Спокойно, сказал себе Отто. Делай вид, что ничего не замечаешь. Подыграй ей, ведь не просто так она выбрала эту линию поведения. Возможно, с ней стряслась беда, о которой не знают ни Уна, ни Роберт. Улучи момент и спроси ее прямо – только, разумеется, без свидетелей.

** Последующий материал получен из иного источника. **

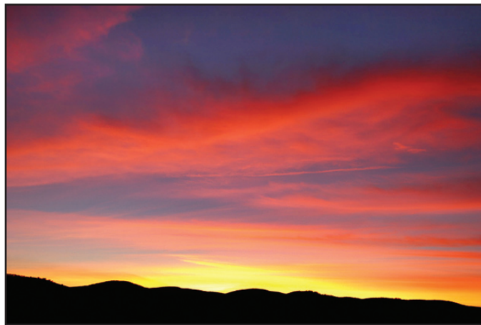
The Biblical Day begins and ends when the sun is well below the horizon; beginning in the early dawn; ending after dusk.

to tell Peter and John. This must have taken some time. While she made her way back with Peter and John, the other two women arrived at the tomb at about sunrise . They left before the others got there with Mary Magda-

– Ты уже решил, чем станешь заниматься, папочка?
– Нет еще, моя радость.
– Но список профессий ты видел?
– Имел такое удовольствие.
– Помню, как мы с Робертом веселились, читая наши списки. Мы нашли все это ужасно забавным. Агнес снова рассмеялась – звенящим от напряжения смехом.
«Перебор! Сбавь обороты», – мысленно воззвал Отто.
Он заметил, что Уна с противоположного конца комнаты пристально наблюдает за Агнес.
– Не уверен, что смогу быстро принять решение о новой профессии. Я привык быть писателем, а от вредных привычек не так-то просто избавиться.
– Когда ты пригласишь нас в гости?
– Как только придам квартире обжитой вид. Там сейчас не очень-то уютно. Все такое казенное…
– Ты можешь жить у нас, – перебила Агнес. – Роберт, что ты об этом думаешь?
– О чем? – буркнул Роберт.
– Я говорю, папа мог бы…
– Не думаю, что это хорошая идея, детка. – Отто коснулся руки Агнес предупреждающим жестом. – Вы должны жить своей семьей. Я буду вам только мешать. Не беспокойся обо мне. Лучше сядь за стол и поешь нормально.
– Я не голодна.
– Ну тогда хоть чаю выпей. Уна, налей Агнес чаю. И принеси ореховый торт.
Едва Уна вышла, в Агнес внезапно кончился запал. Ее плечи поникли, с лица сползла вымученная улыбка. Она робко посмотрела на Отто, и тот ободряюще кивнул. Агнес сжала его руку. Ее пальцы были холодны как лед.
«Надо что-то делать, – решил Отто. – Немедленно. Сейчас». Он поднялся.
– Роберт, если ты уже закончил с ужином, я хочу показать тебе кое-что в кабинете.
Тот молча поднялся из-за стола и прошел за Отто в кабинет. Захлопнув дверь, Отто кивнул зятю на кресло и внезапно растерялся, не зная, с чего начать.